Jesse discussed issues with non-gaussianess of incoherent data generated using coif12 wavelet. Based on chi^2 test the data are not statistically gaussian. Moreover, farge thresholding process does not do as advertised: select the threshold the results in the most gaussian incoherent data.
Is optimal gaussian threshold found by Jesse consistent for all vars or time steps?

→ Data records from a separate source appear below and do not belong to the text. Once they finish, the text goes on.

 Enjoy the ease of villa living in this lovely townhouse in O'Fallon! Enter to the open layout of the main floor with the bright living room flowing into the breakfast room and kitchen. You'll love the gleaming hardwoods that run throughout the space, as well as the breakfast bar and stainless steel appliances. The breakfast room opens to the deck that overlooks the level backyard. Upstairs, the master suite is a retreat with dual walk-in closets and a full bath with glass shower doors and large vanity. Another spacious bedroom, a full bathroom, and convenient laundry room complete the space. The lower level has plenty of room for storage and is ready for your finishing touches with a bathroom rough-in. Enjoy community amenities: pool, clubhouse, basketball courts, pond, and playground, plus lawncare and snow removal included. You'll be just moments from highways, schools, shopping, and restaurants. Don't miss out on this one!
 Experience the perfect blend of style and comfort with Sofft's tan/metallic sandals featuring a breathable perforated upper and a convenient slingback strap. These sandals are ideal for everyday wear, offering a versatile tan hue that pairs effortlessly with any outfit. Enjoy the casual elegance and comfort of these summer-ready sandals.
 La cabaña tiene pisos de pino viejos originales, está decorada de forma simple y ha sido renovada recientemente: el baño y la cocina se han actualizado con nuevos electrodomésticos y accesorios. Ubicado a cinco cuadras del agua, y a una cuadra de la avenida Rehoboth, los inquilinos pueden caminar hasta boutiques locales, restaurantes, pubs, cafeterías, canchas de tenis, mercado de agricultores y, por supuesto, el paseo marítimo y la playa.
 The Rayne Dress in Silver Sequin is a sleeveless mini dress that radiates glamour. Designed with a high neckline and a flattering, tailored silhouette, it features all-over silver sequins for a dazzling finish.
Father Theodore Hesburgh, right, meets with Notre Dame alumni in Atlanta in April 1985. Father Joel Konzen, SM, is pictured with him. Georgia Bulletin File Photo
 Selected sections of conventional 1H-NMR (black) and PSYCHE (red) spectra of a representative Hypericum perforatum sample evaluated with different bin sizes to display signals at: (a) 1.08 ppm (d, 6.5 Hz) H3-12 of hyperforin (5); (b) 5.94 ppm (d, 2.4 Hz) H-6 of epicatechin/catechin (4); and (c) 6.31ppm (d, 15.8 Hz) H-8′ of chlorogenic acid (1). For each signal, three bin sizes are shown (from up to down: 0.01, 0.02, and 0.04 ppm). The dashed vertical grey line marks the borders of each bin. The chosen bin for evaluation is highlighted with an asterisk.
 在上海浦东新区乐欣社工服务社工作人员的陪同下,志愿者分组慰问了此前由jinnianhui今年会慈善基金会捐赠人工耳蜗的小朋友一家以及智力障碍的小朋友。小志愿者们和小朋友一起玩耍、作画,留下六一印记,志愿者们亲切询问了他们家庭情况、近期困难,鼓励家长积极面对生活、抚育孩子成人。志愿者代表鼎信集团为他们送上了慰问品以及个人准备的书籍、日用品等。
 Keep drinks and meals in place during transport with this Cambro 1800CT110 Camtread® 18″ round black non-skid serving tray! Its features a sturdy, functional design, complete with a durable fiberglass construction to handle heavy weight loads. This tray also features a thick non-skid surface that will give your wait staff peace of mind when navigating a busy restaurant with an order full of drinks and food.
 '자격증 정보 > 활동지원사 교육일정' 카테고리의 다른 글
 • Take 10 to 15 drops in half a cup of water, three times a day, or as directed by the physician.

Jesse is running another gaussian fit test (Anderson Darling)
Action
Compare gaussian fit results obtained with coif12 wavelet with coif30 and haar wavelet. Need to test if ideal threshold is consistent across variables and time steps. - Jesse
Explore possibility of using "over complete dictionary" to either filter off gaussian components, or retain structures - Chris
Important Quote, likely the focus of the paper:
"The choice of the threshold is based on theorems proving optimality of the wavelet representation for de-noising signals – optimality in the sense that wavelet-based estimators minimize the maximum L2-error for functions with inhomogeneous regularity in the presence of Gaussian white noise."
The incoherent velocity PDF is Gaussian and the incoherent vorticity PDF is exponential decay.
From Kadoch et al. 2009 (with Farge and Schneider)
One more thought to add to paper:
What type of velocity distribution provides a k^2 kinetic energy power spectrum in Fourier space?
Then use whatever filter will find the k^2 component of the velocity. Instead of trying to find Gaussian noise in vorticity, try to find the k^2 component in velocity.
3 Comments
John Clyne
A: this is a comment added by john
hleee
Here are a few comments/confusions I have regarding the Farge, Pellegrino and Schneider 2001 paper:
1- What exactly is meant by the terms 'homogenous' and 'isotropic' as applied to turbulent flows?
Are such flows only 'isotropic' statistically? Are these conds. sufficient/necessary for successful application of a separable (ie directionally biased) 3D wavelet transform?
What would happen if you rotated/shifted their data before computing curl / wavelet transforming / thresholding etc.? If you did this and retained 10% of the coefficients instead of 3%, what would that mean? I suppose this is along the same line of questioning as Mark's random phase k^-5/3 power idea, which I think we should definitely try.
2- (Comment I above) The denoising cutoff coefficient they use assumes that the noise is normally distributed. However when the compute the PDF of the incoherent vorticity they find that it
is exponentially distributed. So obviously whatever they separated out is not Gaussian noise. I think that this might invalidate their use of Donoho's threshold. I also found last summer that for Taylor/Green Donoho's hard threshold was not the optimal one to use in terms of minimizing (%coeffs retained)*(L_2 norm of residual).
3- (Comment H above) What do they mean by 'white noise scales as k^2 in 3D'? I thought that the power spectrum of white noise was iid chi-square random variables since the Fourier transform, being unitary takes iid N(0,sigma) signals to iid N(0,sigma) signals.
John Clyne
I confirmed that the boundaries for the TG data set are periodic in all directions. The 2006 Mininni et al paper is attached.